▸ Task instructions
Take from the entries below the stretch from the line with "Immerse yourself in" through the line with "- 첫째날 점심: 한돈 등심 수제 돈가스가 나오는 뷔페식", and return it exactly, leaving the pictures out.

▸ Data provided
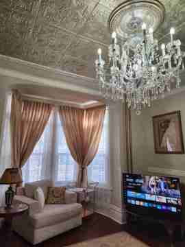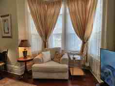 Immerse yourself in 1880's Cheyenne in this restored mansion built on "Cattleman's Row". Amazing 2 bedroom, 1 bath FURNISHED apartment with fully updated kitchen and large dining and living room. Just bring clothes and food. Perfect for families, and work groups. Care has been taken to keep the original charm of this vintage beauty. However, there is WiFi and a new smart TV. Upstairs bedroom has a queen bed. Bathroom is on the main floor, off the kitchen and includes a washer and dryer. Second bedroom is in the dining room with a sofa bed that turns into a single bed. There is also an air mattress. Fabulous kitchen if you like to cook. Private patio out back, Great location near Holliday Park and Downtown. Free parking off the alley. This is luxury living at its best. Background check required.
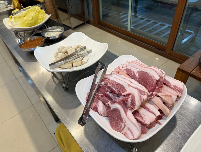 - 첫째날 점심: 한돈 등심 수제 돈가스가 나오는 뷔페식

...

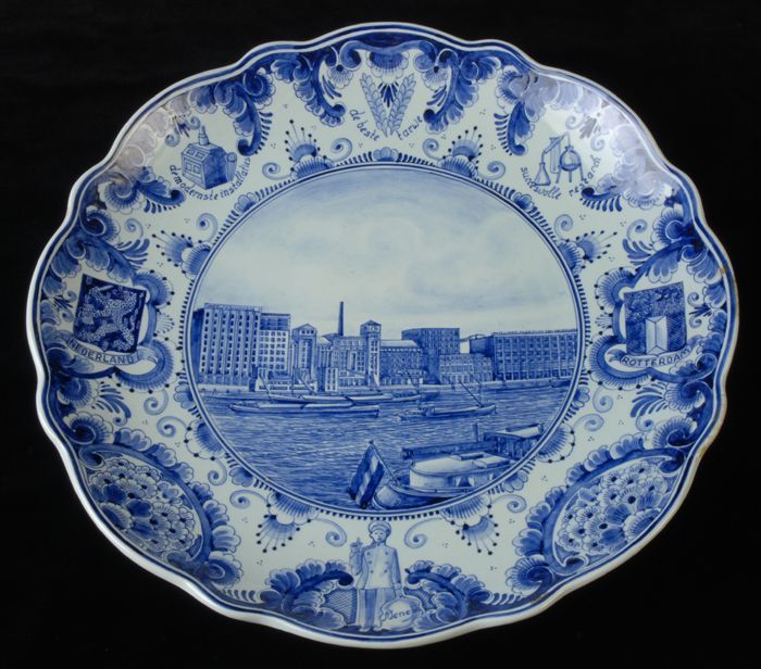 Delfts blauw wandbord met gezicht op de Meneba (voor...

▸ Written reply
 Immerse yourself in 1880's Cheyenne in this restored mansion built on "Cattleman's Row". Amazing 2 bedroom, 1 bath FURNISHED apartment with fully updated kitchen and large dining and living room. Just bring clothes and food. Perfect for families, and work groups. Care has been taken to keep the original charm of this vintage beauty. However, there is WiFi and a new smart TV. Upstairs bedroom has a queen bed. Bathroom is on the main floor, off the kitchen and includes a washer and dryer. Second bedroom is in the dining room with a sofa bed that turns into a single bed. There is also an air mattress. Fabulous kitchen if you like to cook. Private patio out back, Great location near Holliday Park and Downtown. Free parking off the alley. This is luxury living at its best. Background check required.
 - 첫째날 점심: 한돈 등심 수제 돈가스가 나오는 뷔페식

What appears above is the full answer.